** SOURCE DATA follows **

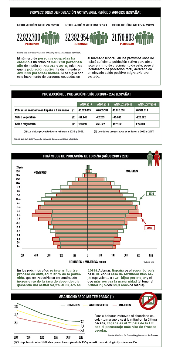 La viabilidad de nuestro sistema económico, social y laboral se sustenta en base a tres elementos: la cualificación de la población autóctona, la natalidad y la inmigración. Así, teniendo en cuenta datos como que el crecimiento vegetativo en España continuará siendo negativo en los próximos años -somos el segundo país de la UE con menos nacimientos; si bien se prevé un saldo migratorio positivo que incremente la población hasta 2033-, el progresivo envejecimiento de la población o que, con un 17,9% de abandono escolar, ocupamos el séptimo puesto en la lista del fracaso escolar de la UE, es necesario actuar con celeridad sobre estos parámetros para afrontar la caída de la población activa.
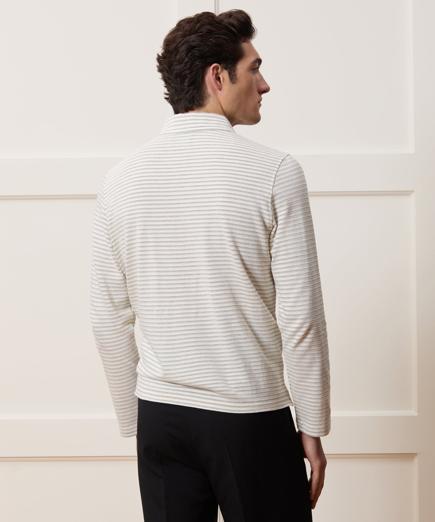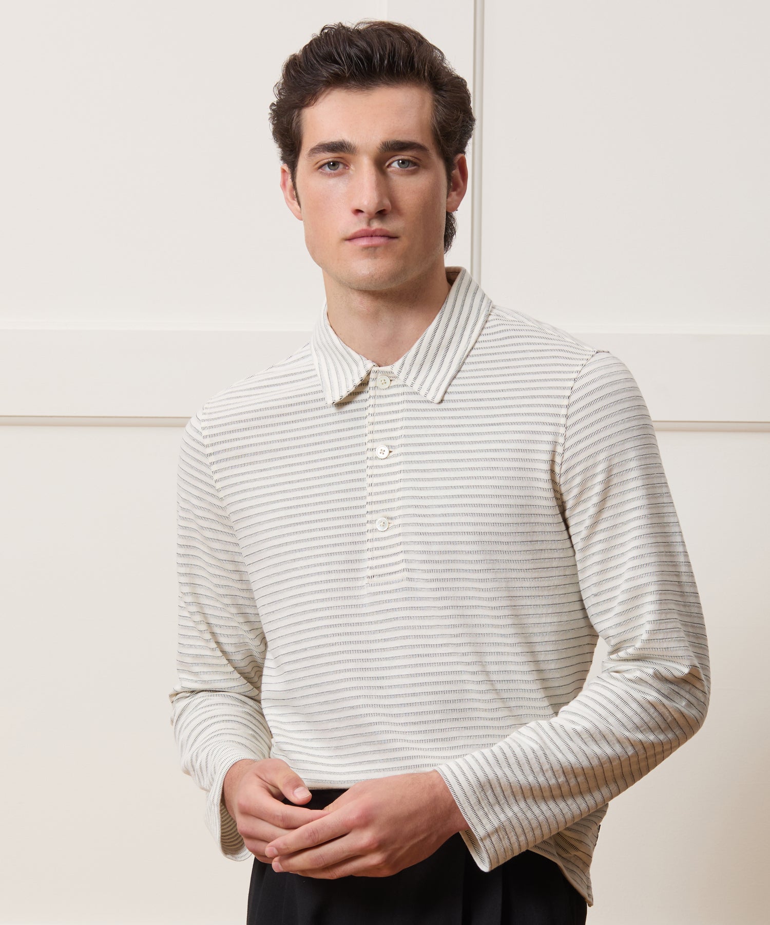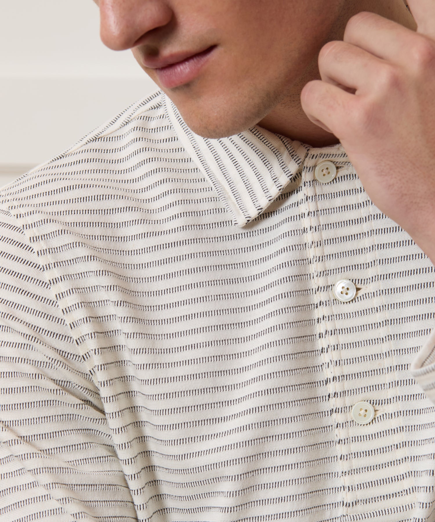 Crafted from a Portuguese fabric, this polo is soft, cool, and wildly comfortable. The cream-colored midweight fabric features a striking black jacquard stripe (which means it’s knit directly into the fabric). A deep placket and split hem give this gently relaxed shirt an easy, versatile fit — wear it casually, or try it with black trousers and a black sport coat for a more dressed up look.
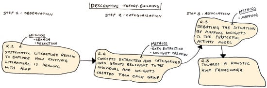 In the observation step of descriptive theory building, this research utilizes a systematic literature review to explore how the existing literature deals with KWP (see Section 2.1). In the categorization step, concepts are extracted and categorized into groups relevant to the individual and insights created from each group (see Section 2.2). To aid in the association step of descriptive theory building, the third activity in SSM is executed: debating the situation (see Section 2.3).
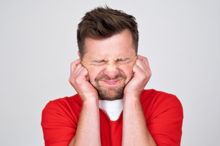 Caucasian man holds his hands over his ears not to hear.

** End of SOURCE DATA **

- TO DO
The whole listing, minus its images, should be repeated exactly.

- SOLUTION TO THE PROBLEM
 La viabilidad de nuestro sistema económico, social y laboral se sustenta en base a tres elementos: la cualificación de la población autóctona, la natalidad y la inmigración. Así, teniendo en cuenta datos como que el crecimiento vegetativo en España continuará siendo negativo en los próximos años -somos el segundo país de la UE con menos nacimientos; si bien se prevé un saldo migratorio positivo que incremente la población hasta 2033-, el progresivo envejecimiento de la población o que, con un 17,9% de abandono escolar, ocupamos el séptimo puesto en la lista del fracaso escolar de la UE, es necesario actuar con celeridad sobre estos parámetros para afrontar la caída de la población activa.
 Crafted from a Portuguese fabric, this polo is soft, cool, and wildly comfortable. The cream-colored midweight fabric features a striking black jacquard stripe (which means it’s knit directly into the fabric). A deep placket and split hem give this gently relaxed shirt an easy, versatile fit — wear it casually, or try it with black trousers and a black sport coat for a more dressed up look.
 In the observation step of descriptive theory building, this research utilizes a systematic literature review to explore how the existing literature deals with KWP (see Section 2.1). In the categorization step, concepts are extracted and categorized into groups relevant to the individual and insights created from each group (see Section 2.2). To aid in the association step of descriptive theory building, the third activity in SSM is executed: debating the situation (see Section 2.3).
 Caucasian man holds his hands over his ears not to hear.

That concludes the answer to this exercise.